> [SOURCE DATA]:
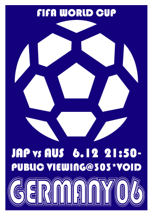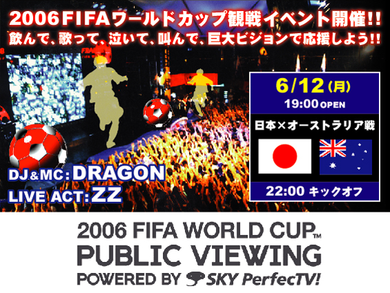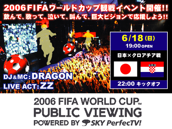 告知失礼致します。 東京六本木のvelfarreにて2006FIFAワールドカップ観戦イベントを開催!! 国内最大級の巨大ビジョンで完全生中継!! 開催概要: ■イベントタイトル: 2006 FIFA WORLD CUP PUBLIC VIEWING POWERED BY SKY PerfecTV! ■日時: 6月12日(月) オーストラリア対日本戦 開場:19:00 キックオフ:22:00 終了予定: 24:00 DJ&MC:DRAGON / LIVE ACT:ZZ 6月18日(日) 日本対クロアチア戦 開場:19:00 キックオフ:22:00 終了予定: 24:00 DJ&MC:DRAGON / LIVE ACT:ZZ 6月22日(木) 日本対ブラジル戦 開
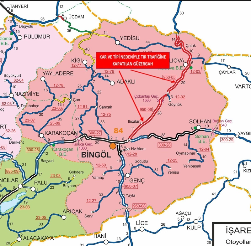 Bingöl Valiliği'nden yapılan açıklamada, "Bingöl-Erzurum Devlet Yolunun 0-88 km’leri arası ( Karvansaray kavşağı ile Bingöl-Erzurum İl sınırı arası) yoğun kar yağışı ve tipi nedeniyle saat 16:55 itibarıyla TIR trafiğine kapatılmıştır" ifadelerine yer verildi. Uygulamanın sürücüler ve can güvenliği için alındığı belirtildi.
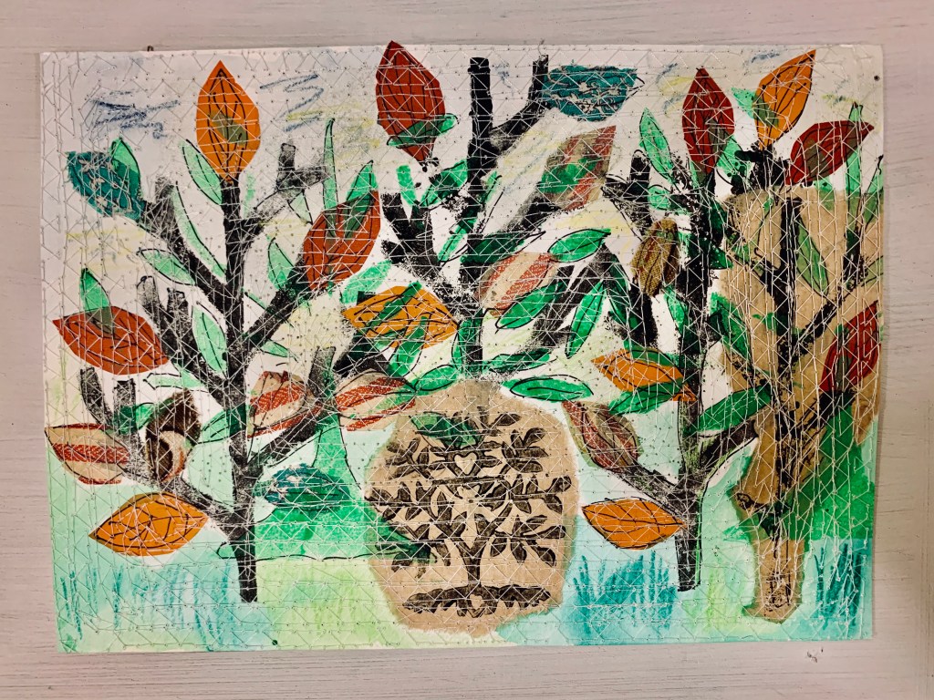 I have enjoyed experimenting with a range of print techniques lately to share in future classes – both online and hopefully in real life… You can see my classes with spaces for next year here.
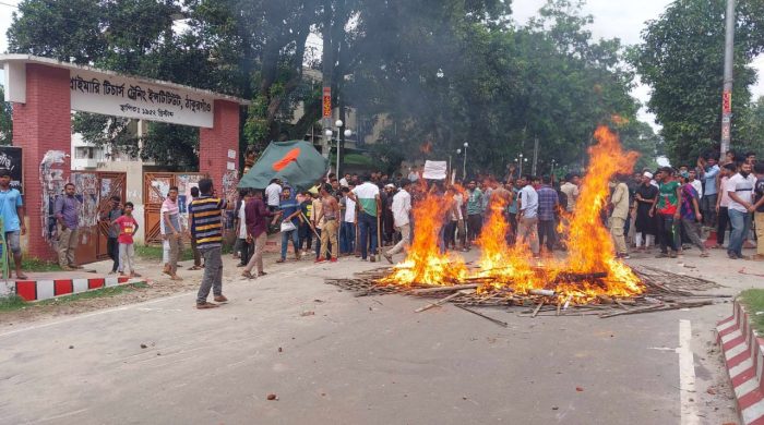 ঠাকুরগাঁওয়ে কোটা আন্দোলনকারীদের মিছিল-স্লোগান, আন্দোলনকারী শিক্ষার্থীদের সাথে ছাত্রলীগের দফায় দফায় সংঘর্ষ আর পরিস্থিতি নিয়ন্ত্রণে পুলিশের টিয়ারশেল নিক্ষেপের আওয়াজে স্থবির হয়ে পড়ে জেলা শহর ঠাকুরগাঁও। স্বাভাবিক চলাচল ব্যাহত হয়ে থমথমে অবস্থা

> [WHAT YOU NEED TO DO]: For this task, give the full listing again verbatim and keep out every picture.

> [FINISHED TASK]:
 告知失礼致します。 東京六本木のvelfarreにて2006FIFAワールドカップ観戦イベントを開催!! 国内最大級の巨大ビジョンで完全生中継!! 開催概要: ■イベントタイトル: 2006 FIFA WORLD CUP PUBLIC VIEWING POWERED BY SKY PerfecTV! ■日時: 6月12日(月) オーストラリア対日本戦 開場:19:00 キックオフ:22:00 終了予定: 24:00 DJ&MC:DRAGON / LIVE ACT:ZZ 6月18日(日) 日本対クロアチア戦 開場:19:00 キックオフ:22:00 終了予定: 24:00 DJ&MC:DRAGON / LIVE ACT:ZZ 6月22日(木) 日本対ブラジル戦 開
 Bingöl Valiliği'nden yapılan açıklamada, "Bingöl-Erzurum Devlet Yolunun 0-88 km’leri arası ( Karvansaray kavşağı ile Bingöl-Erzurum İl sınırı arası) yoğun kar yağışı ve tipi nedeniyle saat 16:55 itibarıyla TIR trafiğine kapatılmıştır" ifadelerine yer verildi. Uygulamanın sürücüler ve can güvenliği için alındığı belirtildi.
 I have enjoyed experimenting with a range of print techniques lately to share in future classes – both online and hopefully in real life… You can see my classes with spaces for next year here.
 ঠাকুরগাঁওয়ে কোটা আন্দোলনকারীদের মিছিল-স্লোগান, আন্দোলনকারী শিক্ষার্থীদের সাথে ছাত্রলীগের দফায় দফায় সংঘর্ষ আর পরিস্থিতি নিয়ন্ত্রণে পুলিশের টিয়ারশেল নিক্ষেপের আওয়াজে স্থবির হয়ে পড়ে জেলা শহর ঠাকুরগাঁও। স্বাভাবিক চলাচল ব্যাহত হয়ে থমথমে অবস্থা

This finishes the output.